Output the data below only from the line containing "2019 HONDA CR-V" up to and including the line containing "4.在后臺訂單管理中可以看到", exact and with the pictures left out.

[Dataset records]
☆ ☆ ☆ ☆ ☆ ☆ ☆
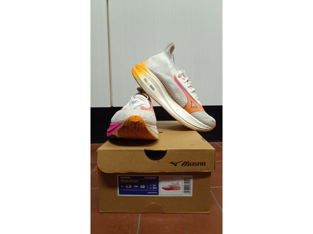 Mizuno Neo Zen je běžecká obuv optimalizovaná pro přirozený, plynulý a efektivní běh. Díky technologii Smooth Speed Assist, která byla původně vyvinuta pro závodní modely, nyní tato tréninková bota pomáhá běžcům dosáhnout ideálního běžeckého stylu při každodenním tréninku. Mezipodešev je vyrobena z inovativního materiálu Mizuno Enerzy NXT (verze obohacená dusíkem), který nabízí výjimečnou měkkost, vysoký návrat energie a zároveň nízkou hmotnost – pro maximální komfort a dynamiku při běhu. Mizuno Neo Zen je ideální volbou pro běžce s neutrálním došlapem, kteří hledají pohodlnou a technicky vyspělou obuv pro každodenní trénink – s prvky inspirovanými elitními závodními modely.
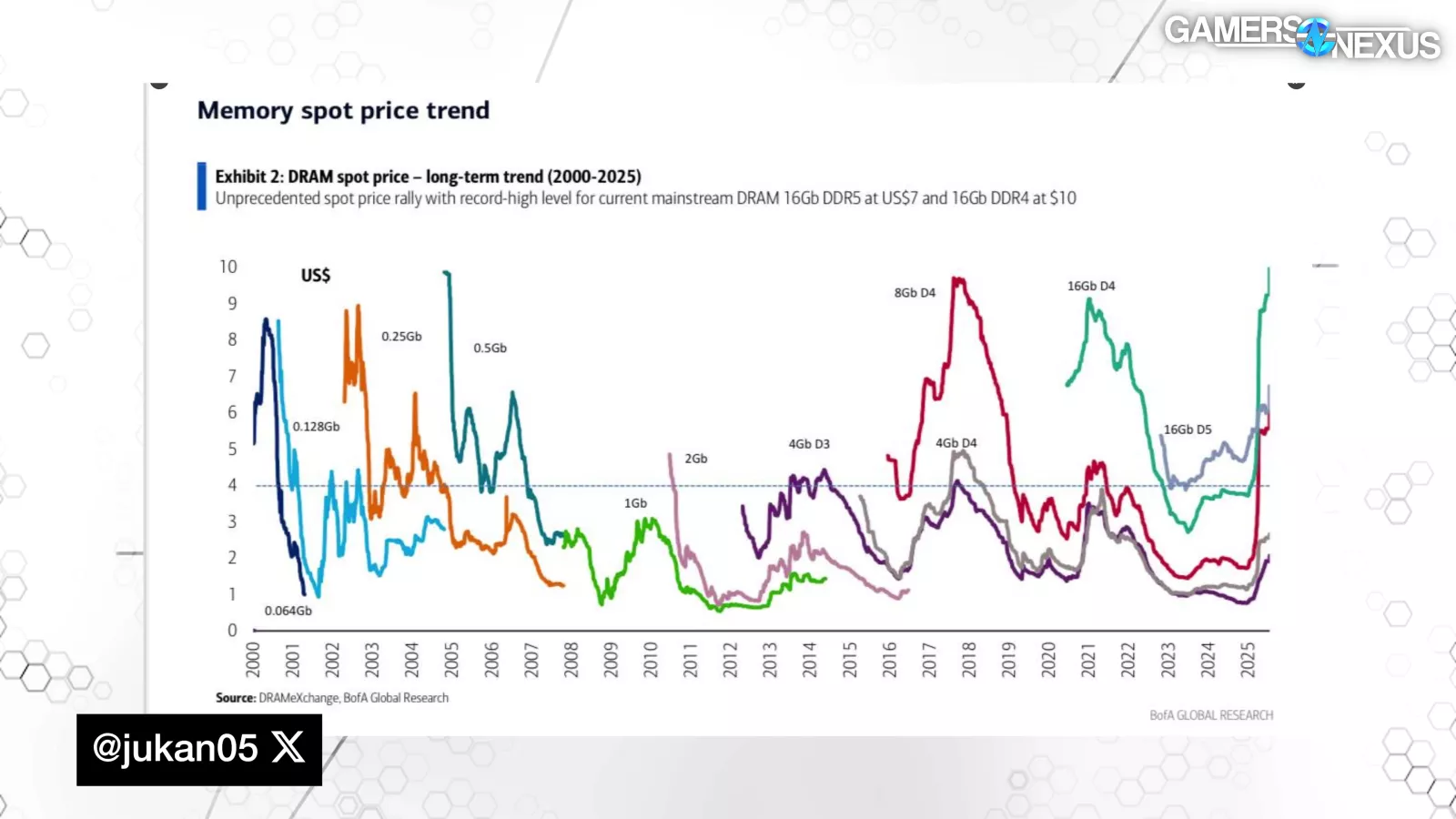 DDR5 16Gb’s session AVG at slower speeds surpassed its previously stable price by 2x just before November, exceeded both 3x and then 4x in November (which is when we made our RAM: WTF? video), and shot 5x and 6x past its previously stable price in January, gradually increasing since. It currently is approaching a 7x multiplier.
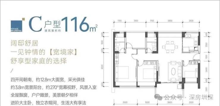 116㎡的4房2厅2卫,C户型,设计的是竖厅南北通透格局,餐客厅一体化设计,客厅3.8米开间,四开间朝南,4个卧室分别做到了主卧17.85㎡/次卧11.4㎡/次卧9.3㎡/次卧8㎡(包含墙体飘窗),都不用搭配飘窗做床,U型厨房,卫生间干湿分离,得房率约:93.13%(包含赠送),阳台主朝西南、东南或正南向。
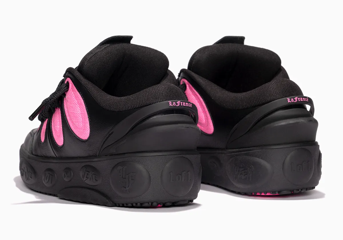 Le premier est principalement noir accompagné de finitions en rose, sur les œillets, sous la semelle et sur les inscriptions et logo comme le « LF » et le puma présent sur la languette. Le second arbore une tige blanc nacré “crème” avec des œillets en blanc et des finitions cette fois en marron.
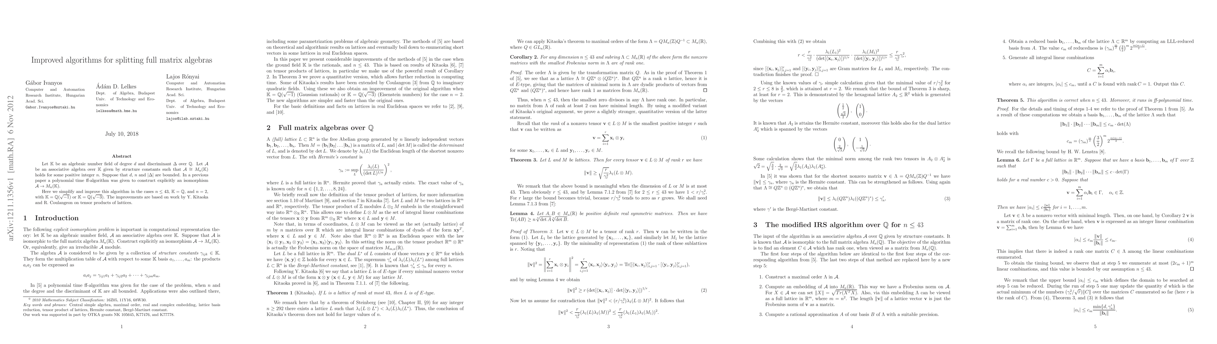 Let $\K$ be an algebraic number field of degree $d$ and discriminant $\Delta$ over $\Q$. Let $\A$ be an associative algebra over $\K$ given by structure constants such that $\A\cong M_n(\K)$ holds for some positive integer $n$. Suppose that $d$, $n$ and $|\Delta|$ are bounded. In a previous paper a polynomial time ff-algorithm was given to construct explicitly an isomorphism $\A \rightarrow M_n(\K)$. Here we simplify and improve this algorithm in the cases $n\leq 43$, $\K=\Q$, and $n=2$, with $\K=\Q(\sqrt{-1})$ or $\K=\Q(\sqrt{-3})$. The improvements are based on work by Y. Kitaoka and R. Coulangeon on tensor products of lattices.
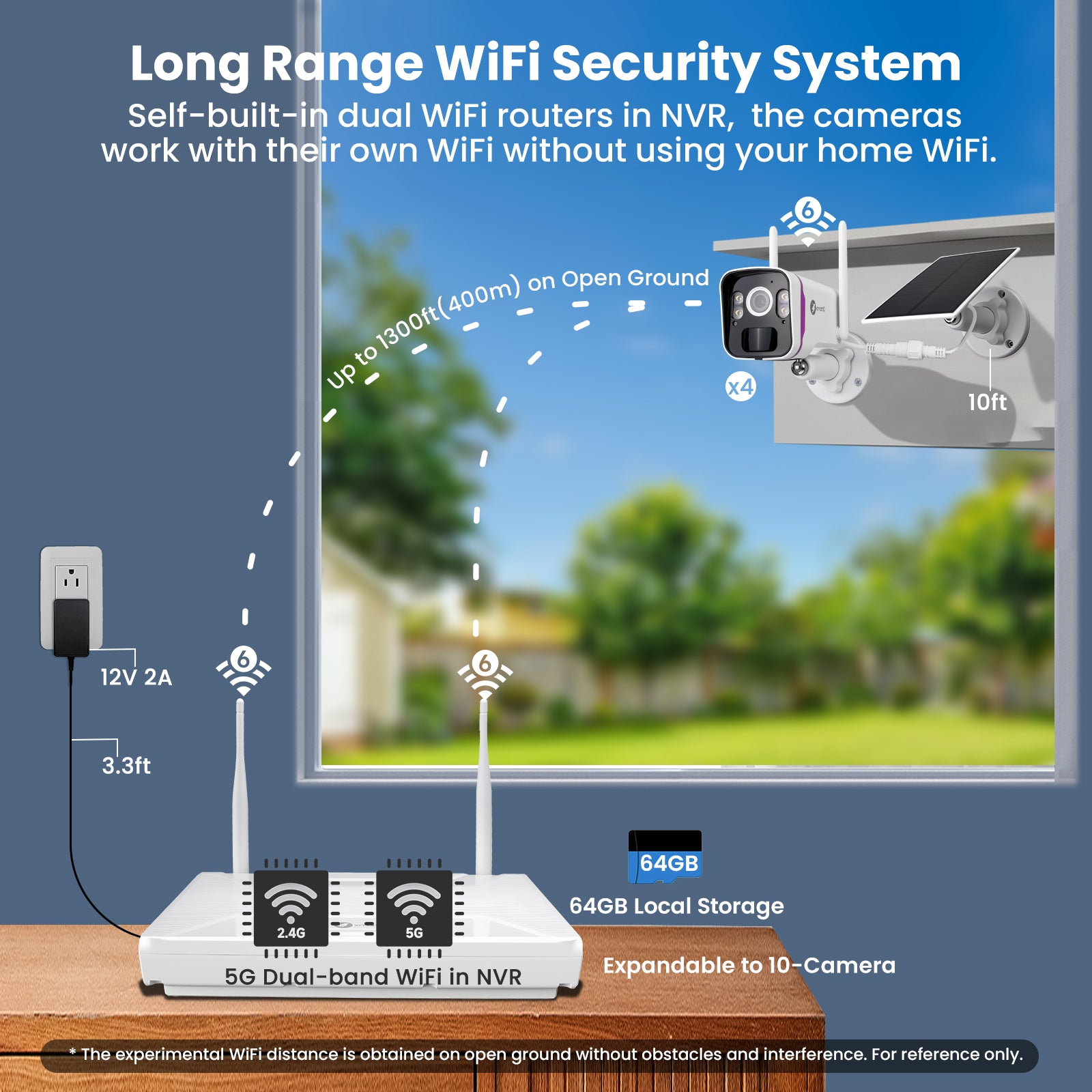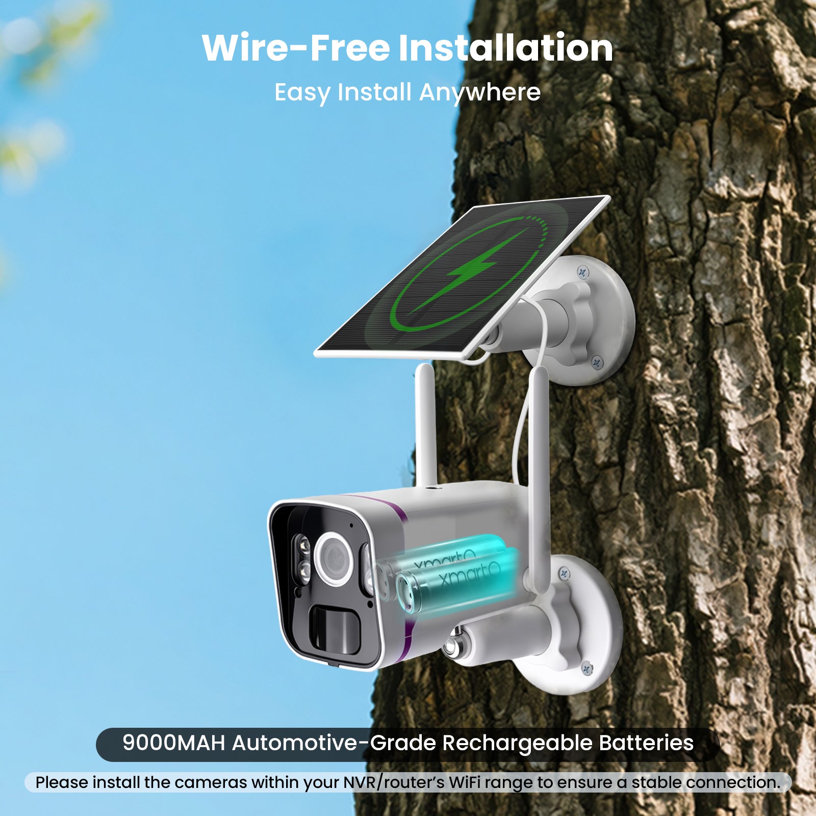 xmartO Solar Security Cameras Wireless Outdoor, WiFi6 NVR with 500GB HDD, 4 PCs 4MP QHD Home Security Camera System with 10CH Expandable NVR, Keeps Videos of Past 12 Months, All-Weather Solar Charge
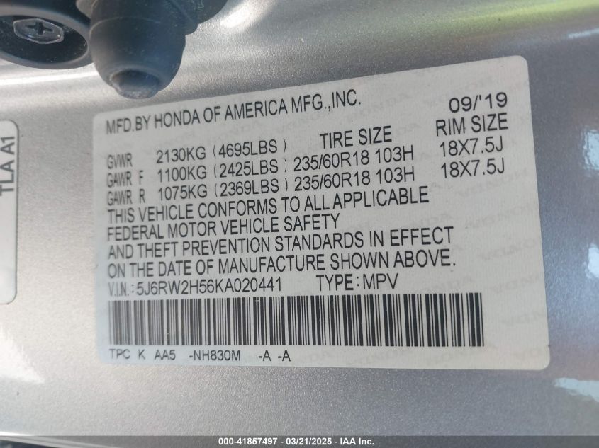 2019 HONDA CR-V - 5J6RW2H56KA020441, колір - Срібний, 1.5, Бензин, Повний привід із США
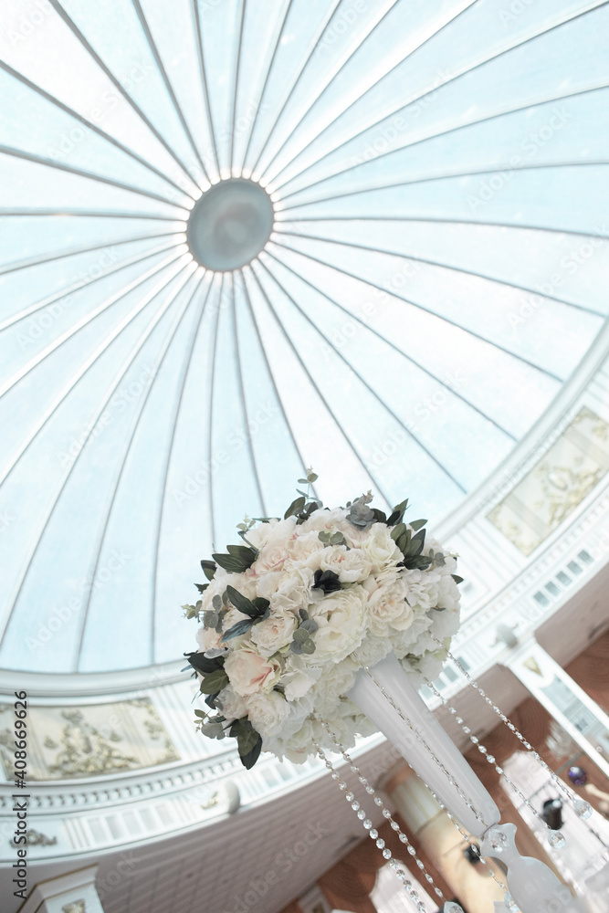 Large pink bouquet of peonies, roses and eucalyptus leaves in luxurious hall with blue glass roof in background.
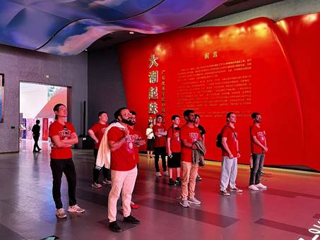 下午,留学生们参观了深圳改革开放展览馆。通过照片、实物、视频和高科技互动体验,展览馆生动再现了广东改革开放40年的壮阔历程和辉煌成就。从早期的经济特区设立,到如今的科技创新高地,展览通过详实的资料和生动的讲解,揭示了这座城市在改革开放中的重要角色和贡献。留学生们不仅感受到历史的厚重,还通过互动切身体验了深圳在科技、经济、文化等多领域的飞速发展。这次参观为他们的国情教育提供了宝贵的内容,加深了他们对中国改革开放政策及其成果的理解,也激发了他们对中国未来发展的浓厚兴趣。
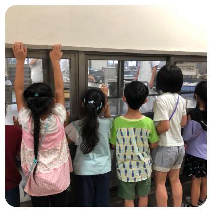 一年生が、学校探検で給食室の中の様子を見学に来ました。大きな釜でみそ汁を作っているところや、焼き物機で焼く前のさけを、ガラス越しに見ることができました。
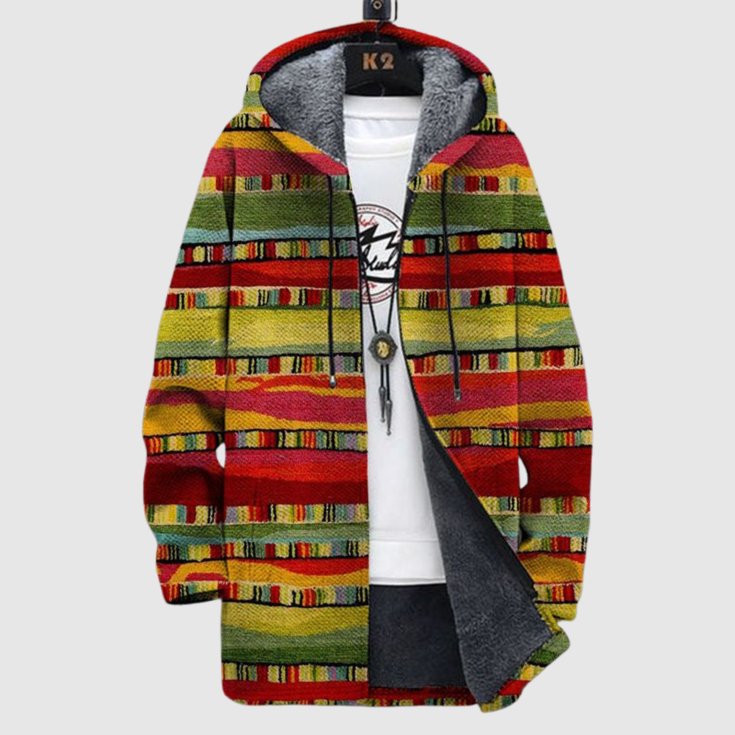Ta bluza łączy etnicznie inspirowane linie oraz ciepłe czerwone i żółte odcienie w harmonijnym designie. Miękka wewnętrzna podszewka i wygodny krój sprawiają, że jest idealna na co dzień, gdzie styl i komfort idą w parze.
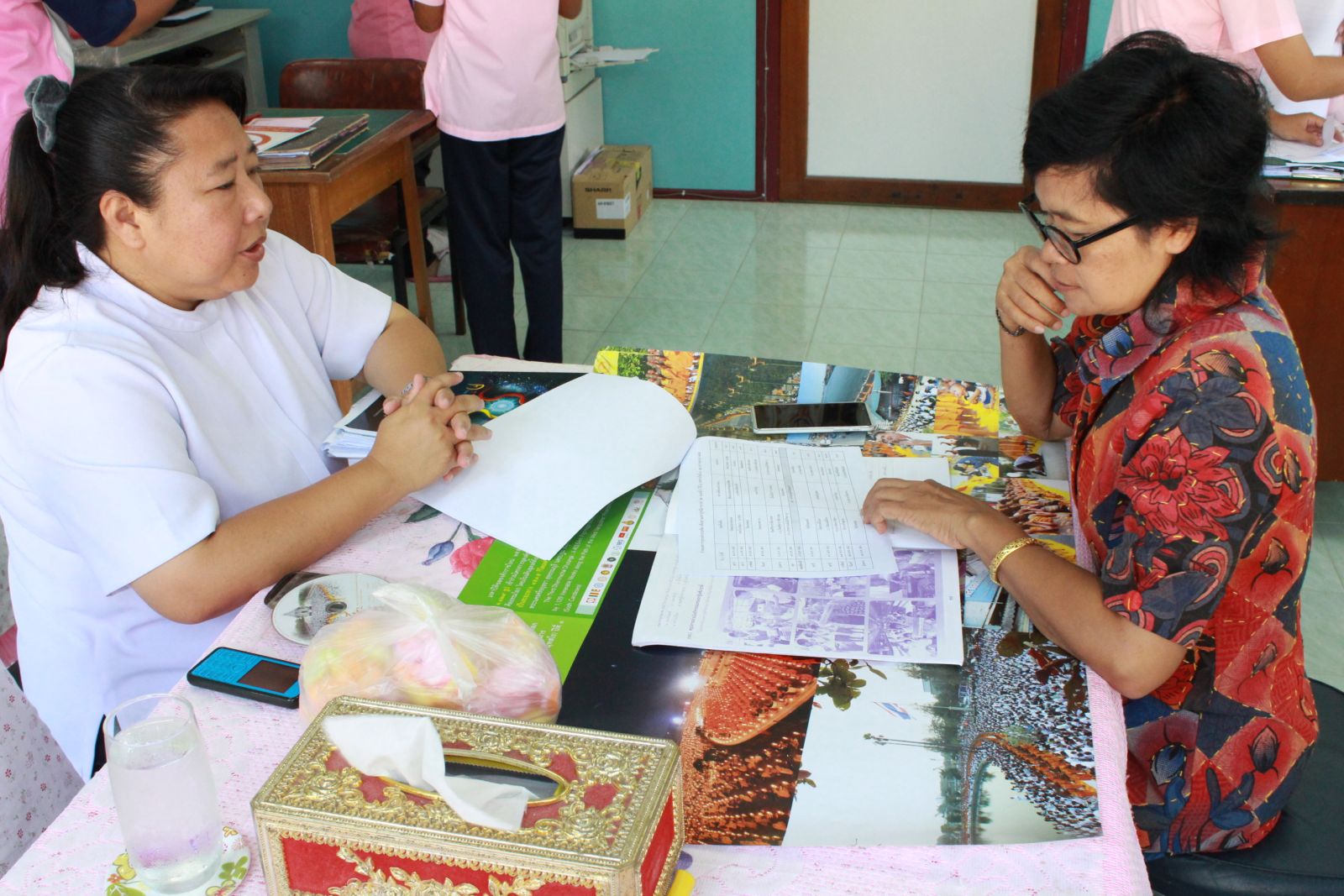ผู้ประสานงานกำลังอธิบายและเชิญชวนโรงเรียนมาต้อนรับพระธุดงค์ธรรมชัยปี 58
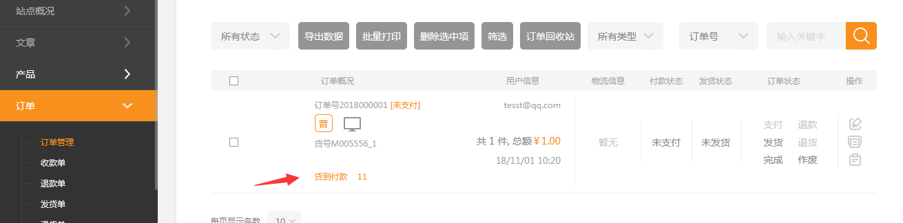 4.在后臺訂單管理中可以看到貨到付款的訂單,點擊發(fā)貨后 支付按紐可以點擊。(由物流公司代收款后,再回到訂單管理中點擊支付即可)
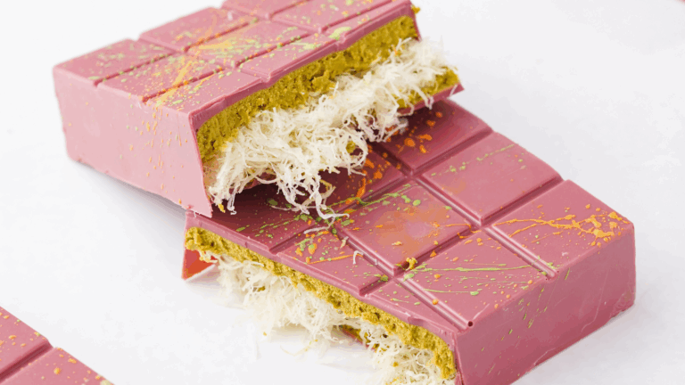 The Angel Hair bar mixes pişmaniye (cotton candy) with pistachio cream, swirled into coloured Belgian white chocolate, plus hints of vanilla, pomegranate, and raspberry—layering texture, visual contrast, and flavour complexity.
☆ ☆ ☆ ☆ ☆ ☆ ☆
TASK OUTPUT →
 2019 HONDA CR-V - 5J6RW2H56KA020441, колір - Срібний, 1.5, Бензин, Повний привід із США
 Large pink bouquet of peonies, roses and eucalyptus leaves in luxurious hall with blue glass roof in background.
 下午,留学生们参观了深圳改革开放展览馆。通过照片、实物、视频和高科技互动体验,展览馆生动再现了广东改革开放40年的壮阔历程和辉煌成就。从早期的经济特区设立,到如今的科技创新高地,展览通过详实的资料和生动的讲解,揭示了这座城市在改革开放中的重要角色和贡献。留学生们不仅感受到历史的厚重,还通过互动切身体验了深圳在科技、经济、文化等多领域的飞速发展。这次参观为他们的国情教育提供了宝贵的内容,加深了他们对中国改革开放政策及其成果的理解,也激发了他们对中国未来发展的浓厚兴趣。
 一年生が、学校探検で給食室の中の様子を見学に来ました。大きな釜でみそ汁を作っているところや、焼き物機で焼く前のさけを、ガラス越しに見ることができました。
Ta bluza łączy etnicznie inspirowane linie oraz ciepłe czerwone i żółte odcienie w harmonijnym designie. Miękka wewnętrzna podszewka i wygodny krój sprawiają, że jest idealna na co dzień, gdzie styl i komfort idą w parze.
ผู้ประสานงานกำลังอธิบายและเชิญชวนโรงเรียนมาต้อนรับพระธุดงค์ธรรมชัยปี 58
 4.在后臺訂單管理中可以看到貨到付款的訂單,點擊發(fā)貨后 支付按紐可以點擊。(由物流公司代收款后,再回到訂單管理中點擊支付即可)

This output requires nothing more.